* WHAT THE TASK REQUIRES
What you write must match, character for character, the lines from the one with "なんとかメンヒの頂上だけ写真" down to the one with "2016年11月1日報道(具" in the listing below, minus its pictures.

* INPUT MATERIAL

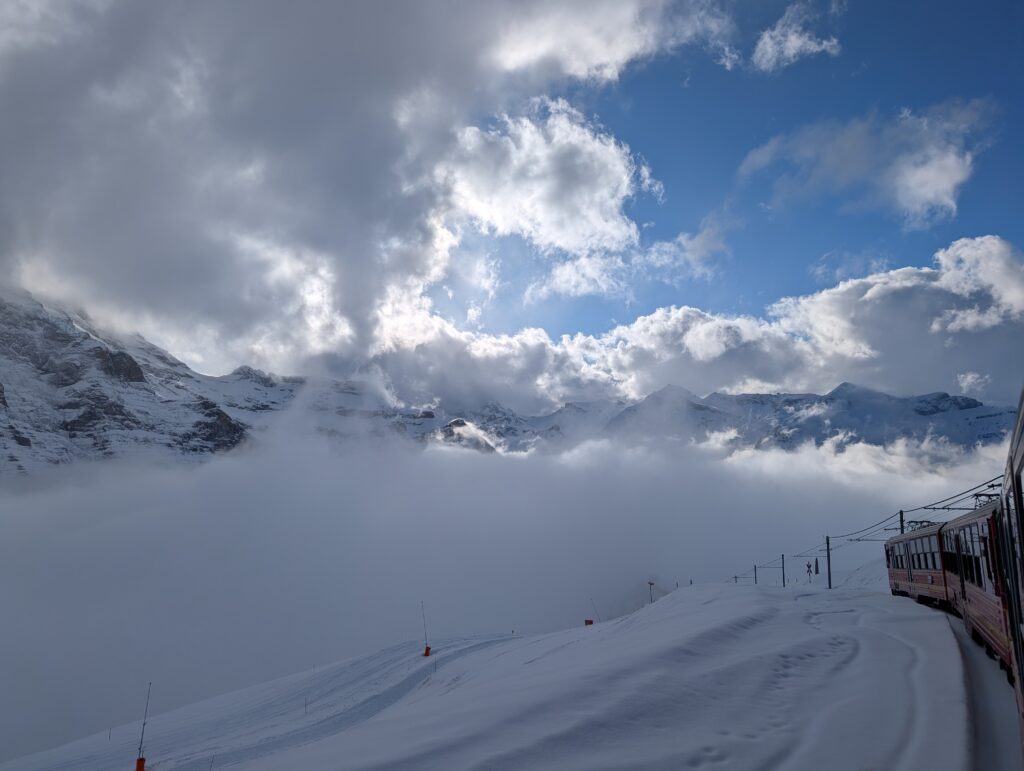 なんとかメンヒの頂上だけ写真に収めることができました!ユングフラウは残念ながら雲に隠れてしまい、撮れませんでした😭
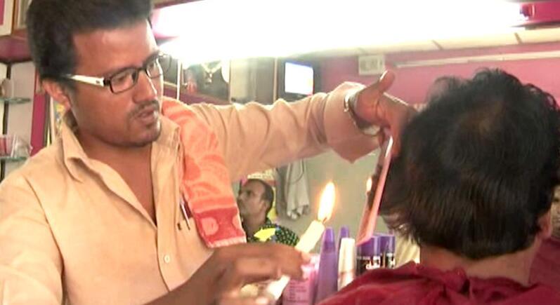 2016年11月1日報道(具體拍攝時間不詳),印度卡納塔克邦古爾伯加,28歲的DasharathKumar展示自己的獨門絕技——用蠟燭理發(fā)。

* * *

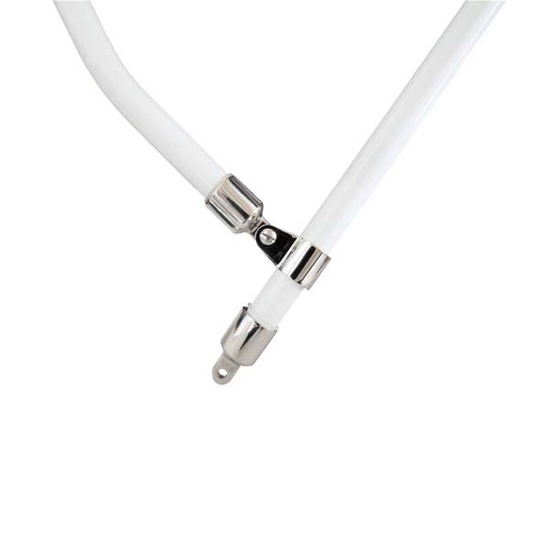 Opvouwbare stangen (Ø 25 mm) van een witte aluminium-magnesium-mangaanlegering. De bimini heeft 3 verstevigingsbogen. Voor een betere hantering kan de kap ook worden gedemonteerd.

* RESPONSE AREA
 なんとかメンヒの頂上だけ写真に収めることができました!ユングフラウは残念ながら雲に隠れてしまい、撮れませんでした😭
 2016年11月1日報道(具體拍攝時間不詳),印度卡納塔克邦古爾伯加,28歲的DasharathKumar展示自己的獨門絕技——用蠟燭理發(fā)。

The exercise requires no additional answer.